_GIVEN MATERIAL:_

= = =

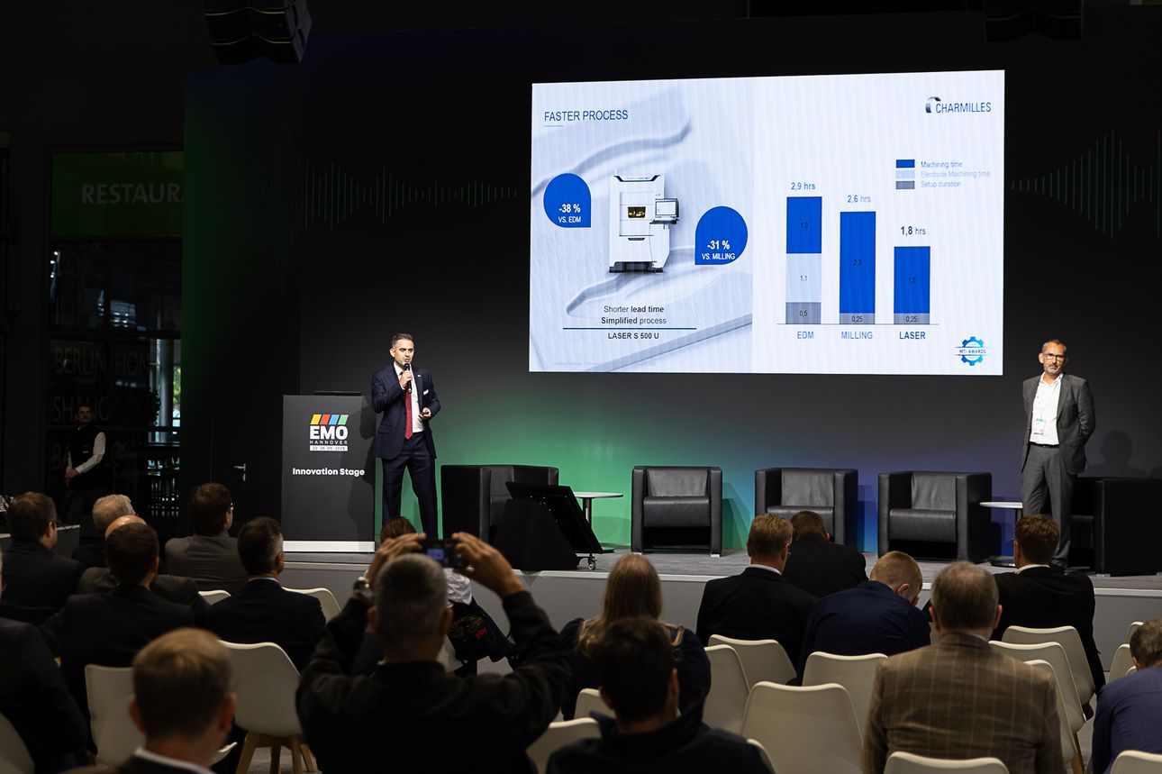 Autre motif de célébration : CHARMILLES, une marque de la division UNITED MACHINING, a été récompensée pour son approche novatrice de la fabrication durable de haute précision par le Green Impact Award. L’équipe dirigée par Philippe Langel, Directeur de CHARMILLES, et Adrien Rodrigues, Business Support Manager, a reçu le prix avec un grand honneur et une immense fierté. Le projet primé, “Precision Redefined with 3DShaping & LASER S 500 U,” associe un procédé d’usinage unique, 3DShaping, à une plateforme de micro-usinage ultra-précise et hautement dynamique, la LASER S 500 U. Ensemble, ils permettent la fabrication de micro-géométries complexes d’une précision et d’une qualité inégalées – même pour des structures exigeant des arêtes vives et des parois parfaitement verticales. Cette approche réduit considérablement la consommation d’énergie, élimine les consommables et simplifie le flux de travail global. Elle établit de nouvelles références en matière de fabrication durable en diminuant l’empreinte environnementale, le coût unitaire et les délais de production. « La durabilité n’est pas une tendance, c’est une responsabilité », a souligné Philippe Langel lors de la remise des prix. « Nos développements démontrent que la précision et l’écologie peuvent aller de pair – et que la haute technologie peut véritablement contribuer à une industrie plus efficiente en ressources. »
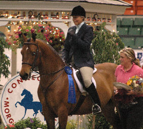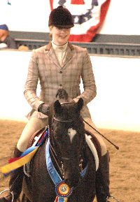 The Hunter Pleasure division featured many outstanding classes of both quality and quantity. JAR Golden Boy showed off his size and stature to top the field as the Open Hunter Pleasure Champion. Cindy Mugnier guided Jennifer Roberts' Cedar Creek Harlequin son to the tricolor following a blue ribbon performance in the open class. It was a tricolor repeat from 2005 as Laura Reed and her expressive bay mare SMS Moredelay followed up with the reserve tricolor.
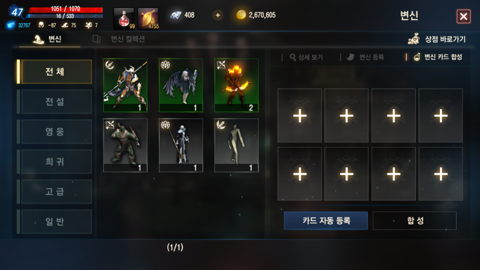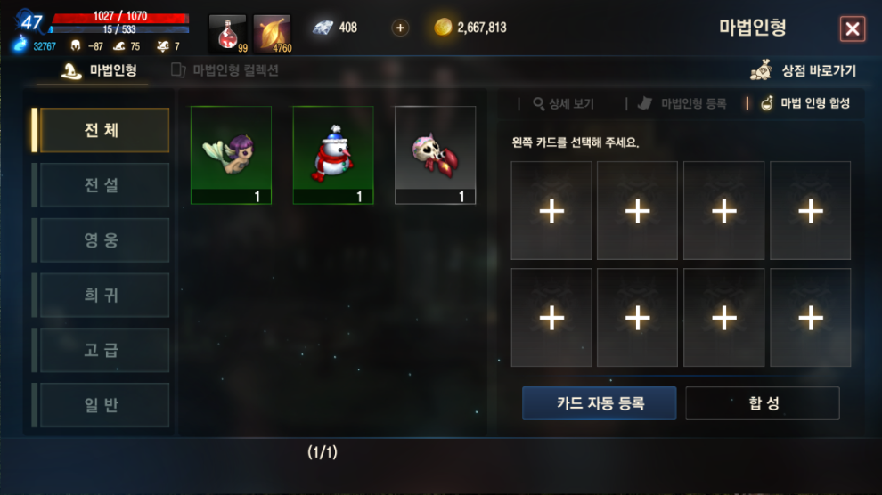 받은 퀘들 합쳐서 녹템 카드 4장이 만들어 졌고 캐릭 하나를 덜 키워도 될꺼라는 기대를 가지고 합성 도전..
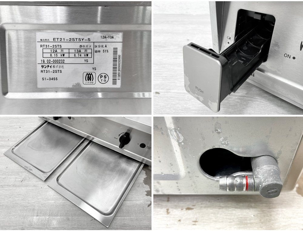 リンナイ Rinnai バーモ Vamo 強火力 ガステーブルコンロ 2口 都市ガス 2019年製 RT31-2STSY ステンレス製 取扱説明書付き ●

= = =

_WHAT IS REQUIRED:_
Leave the pictures out and retype only the lines from the line with "받은 퀘들 합쳐서 녹템" through the final line of the material, both ends included, word for word.

_ANSWER FOR THE TASK:_
 받은 퀘들 합쳐서 녹템 카드 4장이 만들어 졌고 캐릭 하나를 덜 키워도 될꺼라는 기대를 가지고 합성 도전..
 リンナイ Rinnai バーモ Vamo 強火力 ガステーブルコンロ 2口 都市ガス 2019年製 RT31-2STSY ステンレス製 取扱説明書付き ●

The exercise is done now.